Data segment section start
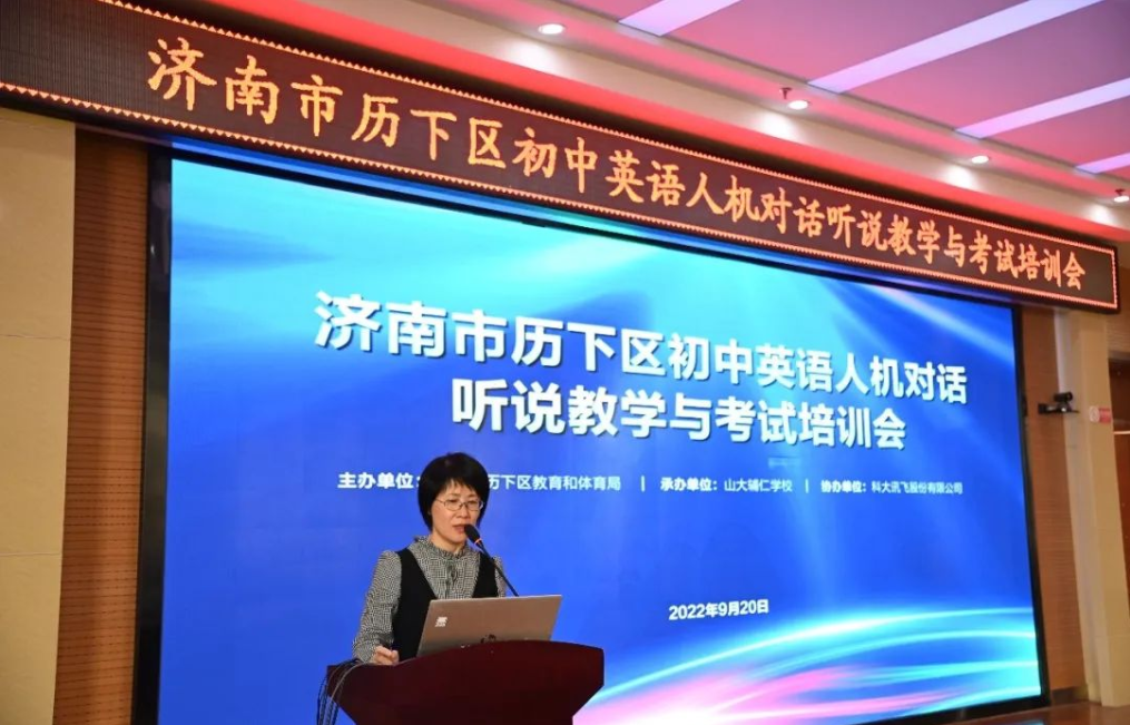 为满足英语听说机考教育改革需求,加快英语听说教学模式转变,提高英语听说教学质量,济南市历下区教体局在“历下智慧教育+因材施教项目”中建设了英语听说教考平台、英语听说教学系统及模拟考试系统。9月20日,济南市历下区初中英语人机对话听说教学与考试培训在山大辅仁学校举办,进一步探索英语听说教学新途径,全面发挥平台及系统的应用价值,保证各校英语听说教学课程有序开展。
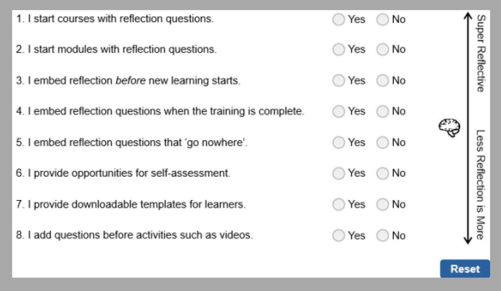 This activity served as a ‘temperature check’ for how much reflection opportunity course designers build into courses for their learners.
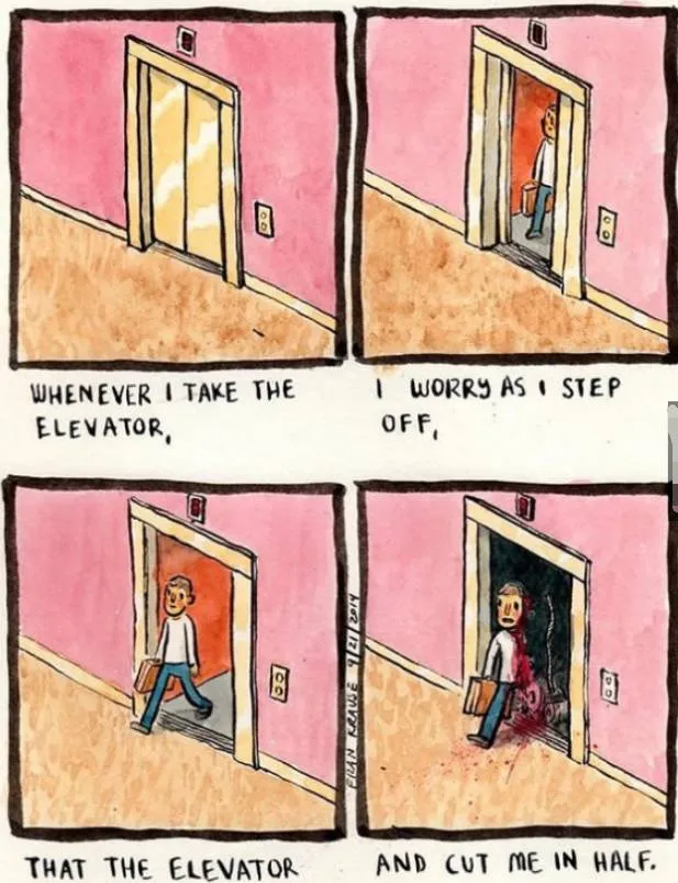 15.每次搭乘电梯,我都担心出门时电梯突然掉下去,这样我就被切成两半了。。
Data segment section end
Quote the data exactly, leaving every image out of the copy.

 为满足英语听说机考教育改革需求,加快英语听说教学模式转变,提高英语听说教学质量,济南市历下区教体局在“历下智慧教育+因材施教项目”中建设了英语听说教考平台、英语听说教学系统及模拟考试系统。9月20日,济南市历下区初中英语人机对话听说教学与考试培训在山大辅仁学校举办,进一步探索英语听说教学新途径,全面发挥平台及系统的应用价值,保证各校英语听说教学课程有序开展。
 This activity served as a ‘temperature check’ for how much reflection opportunity course designers build into courses for their learners.
 15.每次搭乘电梯,我都担心出门时电梯突然掉下去,这样我就被切成两半了。。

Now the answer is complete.